I can hear some people out there saying government superannuation will never be means tested. Well if they can change the KiwiSaver rules they can certainly change the entitlement to government superannuation.
If I'm wrong and you've put your assets in trust, all you suffer is great asset protection along the way. If I'm right and your assets are in trust, when you are means tested you will be able to state you own nothing and then will be entitled to collect your government superannuation payments.
Other reasons why you need asset protection
Its not just means testing we need to worry about. We can lose our assets through a myriad of other ways, such as a business failing or a personal relationship demising. Often it is outside your power to control events. What you can frequently have, however, is a large degree of influence over the consequences these type of events bring about.
Fear and control
There are lots of fears about moving assets to a trust. Probably the most common one is that people think they will lose control. Not possible, of course, if the trust is created correctly but the fear exists nevertheless. So let's put this worry to bed.
When you create a trust, you are creating a vessel. This vessel, like all containers, will hold something, namely assets such as money, shares, homes, baches, jewellery, artworks, etc. Predominately anything that increases in value and that you want protected.
There are two very important people involved in a trust. These are appointors and trustees. The appointor hires and fires the trustees so they have ultimate control over the trustees. The trustees' job is to decide a variety of things including what assets the trust will hold, buy and sell, and whom they will allow to use the trust's assets. Clearly, if you are an appointor and a trustee you have great control over the actions of the trustees and the assets of the trust.
Managing the trust
Not all trusts are created equal and not all trust documents ensure you get the benefits a trust can bestow. To demonstrate, let me tell you about Mr Smith. He sets up a trust and puts his home into it. At the time of transferring the home to the trust, the trustees give Mr Smith an IOU for the value of the home. A couple of years later, Mr Smith incurs a large business debt and through no fault of his own, is unable to pay the money he owes his creditor. The creditor subsequently sues Mr Smith and forces Mr Smith to call up the IOU. This in turn, forces the trust to sell the house. The sale proceeds go to the creditor. So, at the very time Mr Smith needed the trust to protect his assets, it failed. This sorry ending could have been avoided if the IOU had contained appropriate asset protection clauses.
The moral of this story is simply ... setting up a trust and moving an asset into it is not enough to ensure asset protection. Documentation must be correct. In particular, vital asset protection clauses need to be in the documents at the time the IOU is given. Your GRA Professional Trustee can assist you with this.
Of course not only does a trust's documentation need to be in tip top shape but the trust actually has to be managed. This bit needlessly trips up a lot of people. The golden rule is contained in what I have called the 'Trust Commandments' and it's called the '3D Rule'. Succinctly put, ensure you discuss, decide and document all the affairs of the trust with all of the trustees. The discussing and deciding exercise is usually the easy part to complying with the 3D Rule. It's the documentation part that causes big problems.

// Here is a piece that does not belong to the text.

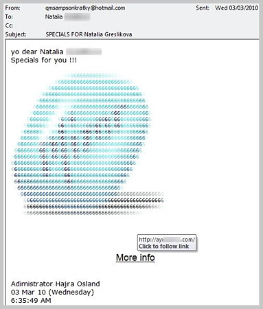 メッセージラボは、世界的に著名なマルウェアとスパムの専門家が在籍する「MessageLabs Team Skeptic」を有し、毎日数十億件のウェブページ、電子メール、インスタント・メッセージ(IM)の監視を行っている。それによると、ここ数年、アスキーアートがスパムメールに利用される傾向があるという。サイバー犯罪者は、アートを使うことにより文字を読みにくくし、ベーシックなアンチスパム技術のキーワード検索をすり抜けようとしているのだ。

Documenting what the trustees have decided, why they have made their decisions and the basis of their decisions is vital and it's crucial to get the wording of documents correct. Failure to adhere to the 3D Rule can mean the trust can be challenged as a sham and all the benefits that the trust bestows, such as asset protection, can be lost. That's not where the bad news stops however if a sham trust is found to exist. Next comes along ugly tax consequences. Big headaches, in other words, that no one needs.
Smart people lead to smart solutions
An easy way to avoid all of the problems associated with managing a trust is to put a smart independent professional trustee on your 'A Team'. These creatures are usually pedantic in nature. They lie awake at night and worry about the little details in life that cause migraines if they aren't attended to.

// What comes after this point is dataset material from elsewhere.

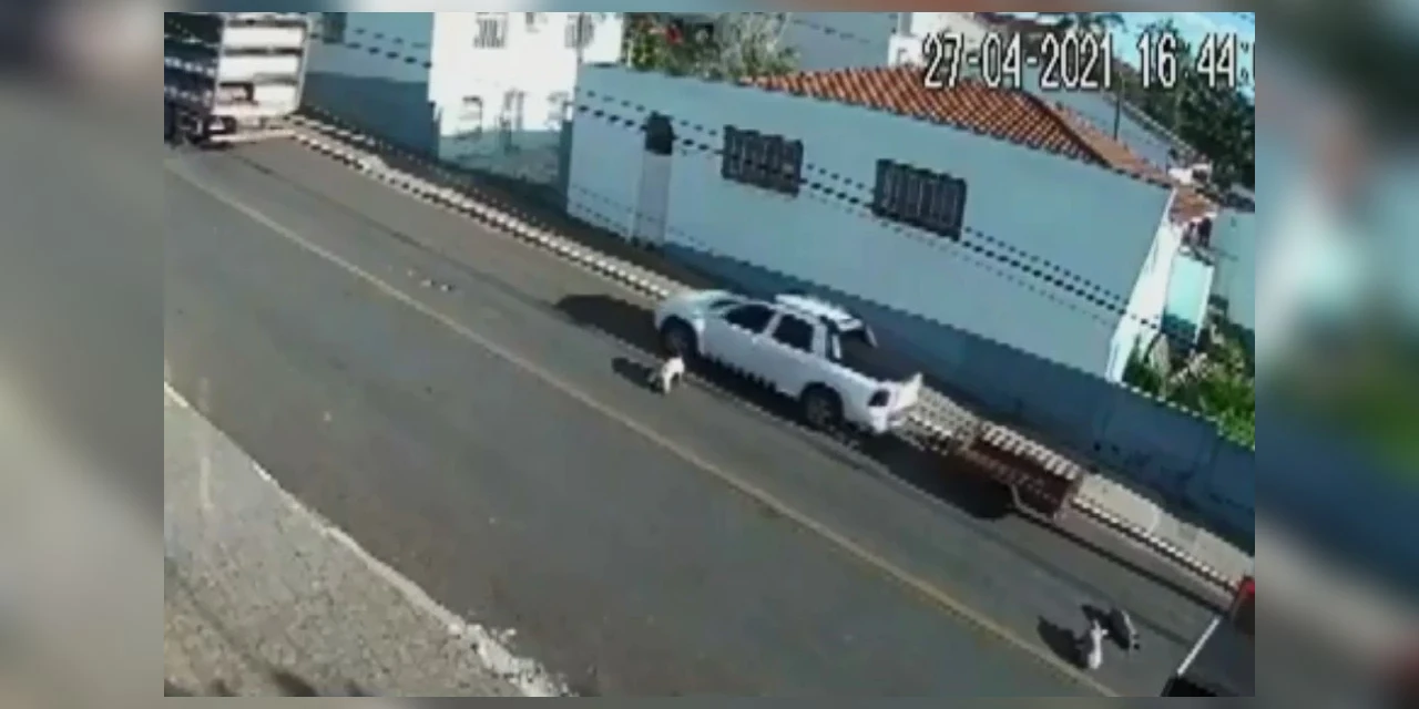Nas imagens, é possível ver que a porta do caminhão abre e então os animais caem no asfalto.

Professional trustees need to have accounting and law degrees, skills, education, and experience in pertinent areas to do their job well. They need to understand a myriad of issues including business, insurance, finance, tax, accounting, equity and contract law to name but a few topics. Chose your professional trustee well, as the trust and its affairs will be run only as well as your professional trustee's capabilities expand to. Another client war story will show you the point I'm making.
Mr and Mrs P landed around 500 pages of correspondence on my desk one Friday morning telling me they wanted to purchase a property that afternoon. According to them, I had no need to read any of the correspondence or documents because their solicitor had already looked over the papers and was happy with everything. Now my job as an independent professional trustee is to keep the assets of a trust safe and in shipshape condition, so there was no way I was going to sign a legal document without reading it first.
Once I'd read the 500 pages I explained to Mr and Mrs P that I could not sign the legal papers. I explained why as well but they were absolutely determined to proceed. So quite simply, I dragged the chain. I did all I could to delay matters.
Sometimes you have to have big shoulders as a professional trustee. You have to stand behind, next to and if necessary, right in front of your clients. That's your job – protecting all assets. It's not always an easy role either, especially if your clients are giving you a difficult time.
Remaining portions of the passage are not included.